• Recorded information:

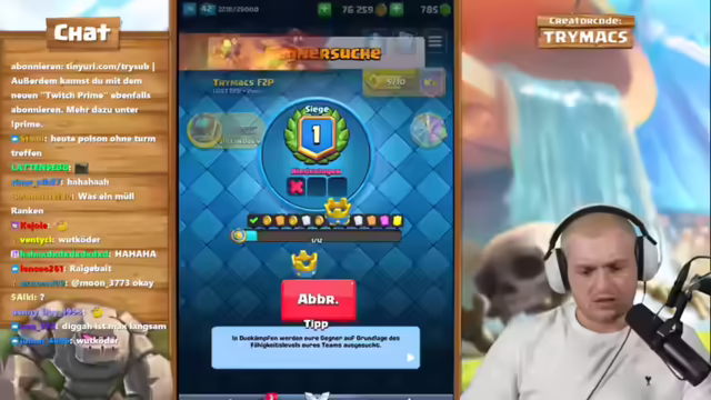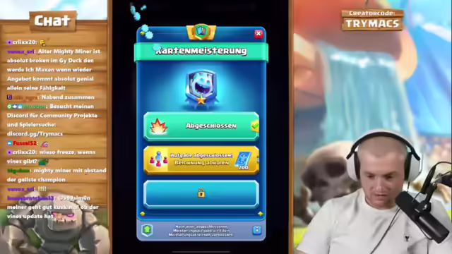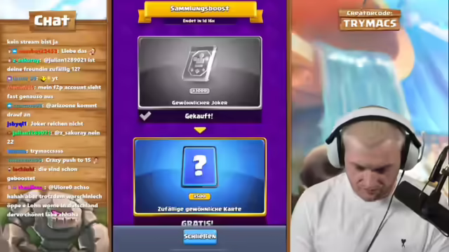 02:51:24Es wird kurz über eine Anfrage zur Zusammenarbeit gesprochen, die jedoch abgelehnt wird. Im Anschluss startet der Streamer eine Stream-Together-Session. Nach einem kurzen Rückblick auf ein vorheriges Finish in einem anderen Spiel, wird der Fokus auf Clash Royale gelegt. Es beginnt eine neue Season auf einem Free2Play Plus Pass Account, was ein fettes Opening verspricht. Der Streamer freut sich besonders über ein Buch der Common Cards und ein Buch der Rares, womit er seine Hütte und seinen Evo-Ritter auf Level 14 bringen kann. Er erwähnt, dass Friedhof in dieser Season geboostet ist und fordert die Zuschauer auf, bei Gefallen den Kanal zu abonnieren. Es wird auf eine komplett neue Meta hingewiesen, da 30 Karten generft wurden, einschließlich Karten aus dem eigenen Deck. Der Streamer erwähnt den Credit Code 'Trimax', den im letzten Monat über 90.000 Leute genutzt haben und bedankt sich bei der Community.
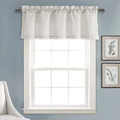 Lush Decor Rosalie Faux Linen Window Curtain Valance, 18" L x 54" W, White
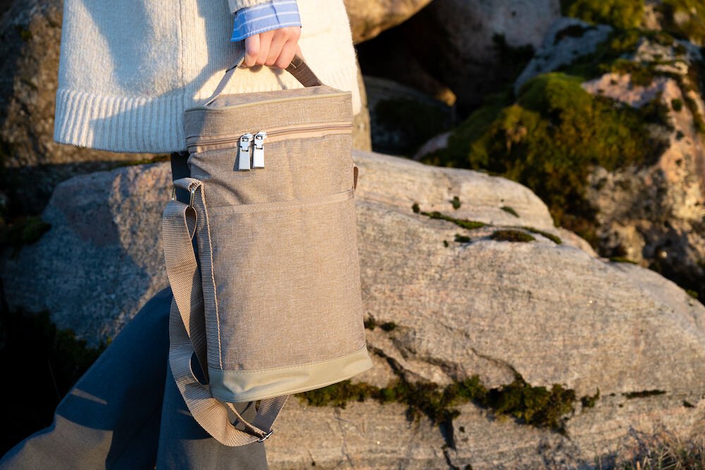 Praktisk og fin kjøleveske i lin-look. Passer til to vinflasker eller plastflasker på 1,5 liter.

• Work request: Having located the line with "Lush Decor Rosalie", transcribe exactly and only the lines from it to the final line of the material, skipping the pictures.

• Written answer:
 Lush Decor Rosalie Faux Linen Window Curtain Valance, 18" L x 54" W, White
 Praktisk og fin kjøleveske i lin-look. Passer til to vinflasker eller plastflasker på 1,5 liter.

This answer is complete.